On Pillow, you can compare your sleep quality with your daily steps to see how movement impacts your rest.

7. Tidy up your bedroom

A cluttered space can increase stress levels and worsen sleep quality by making your environment feel overwhelming. A cluttered or dirty room can also affect air quality, making it harder to breathe comfortably at night.

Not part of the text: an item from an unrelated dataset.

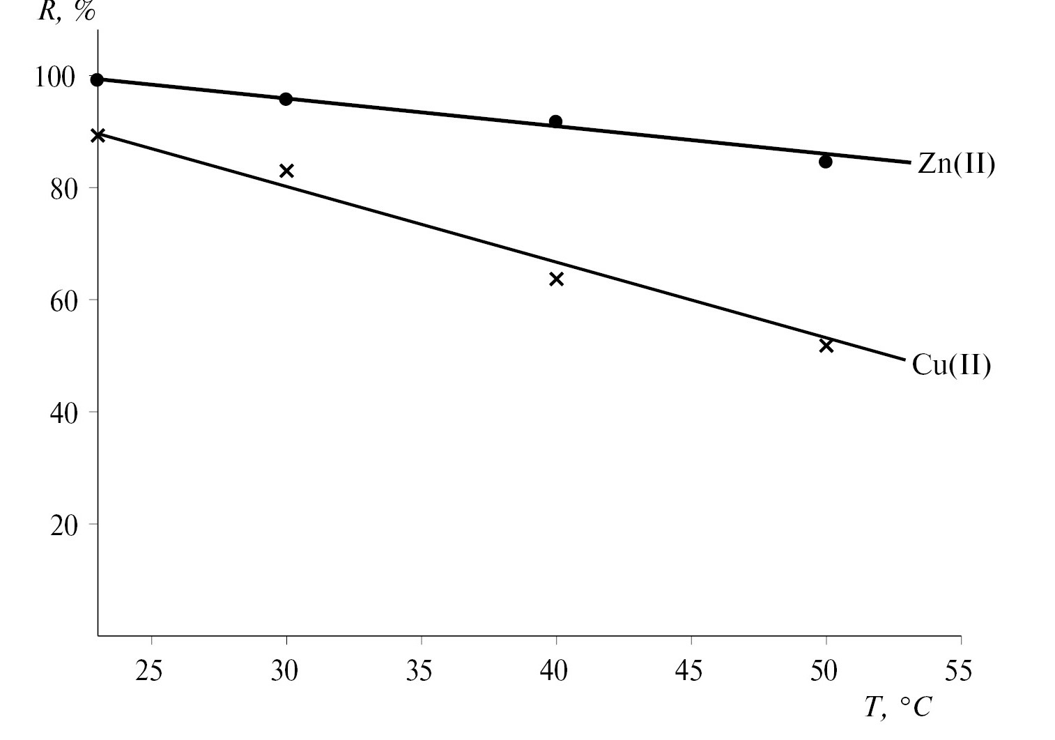 Рис. 7. Влияние температуры на степень флотационного извлечения ионов Zn(II) и Cu(II). cМе(II)(исх), мг/л: Cu – 46.1, Zn – 42.2; [Zn] : [НМГ] = 1 : 1, [Cu] : [НМГ] = 1 : 2; τконд, мин: Zn – 30, Cu – 10; τфл, мин: Zn – 10, Cu – 10.

Start small by opening your windows and making your bed each morning, this will take less than two minutes! Over time, make occasional small changes that help your sleeping space feel calmer and more inviting. Choose one small task each week, like changing a pillow, adjusting the lighting, moving furniture, getting new bedsheets, etc. After a few weeks of doing so, you'll be able to see a big difference!.

Why These Matter

One of the biggest mistakes we make when creating New Year’s resolutions is going about them with an all-or-nothing mentality, but it’s simply not possible to fix years of habits in just a few days, especially without knowing what actually needs to change.

This year, let’s be gentle with ourselves and tackle one small thing at a time. If you’re unsure wether it's even worth it to start small, think about how much progress you would have made by December if you’d done the same small thing consistently throughout 2025.

Let’s make these new habits be the ones that actually stick, so you can finally get that good sleep you’ve always deserved!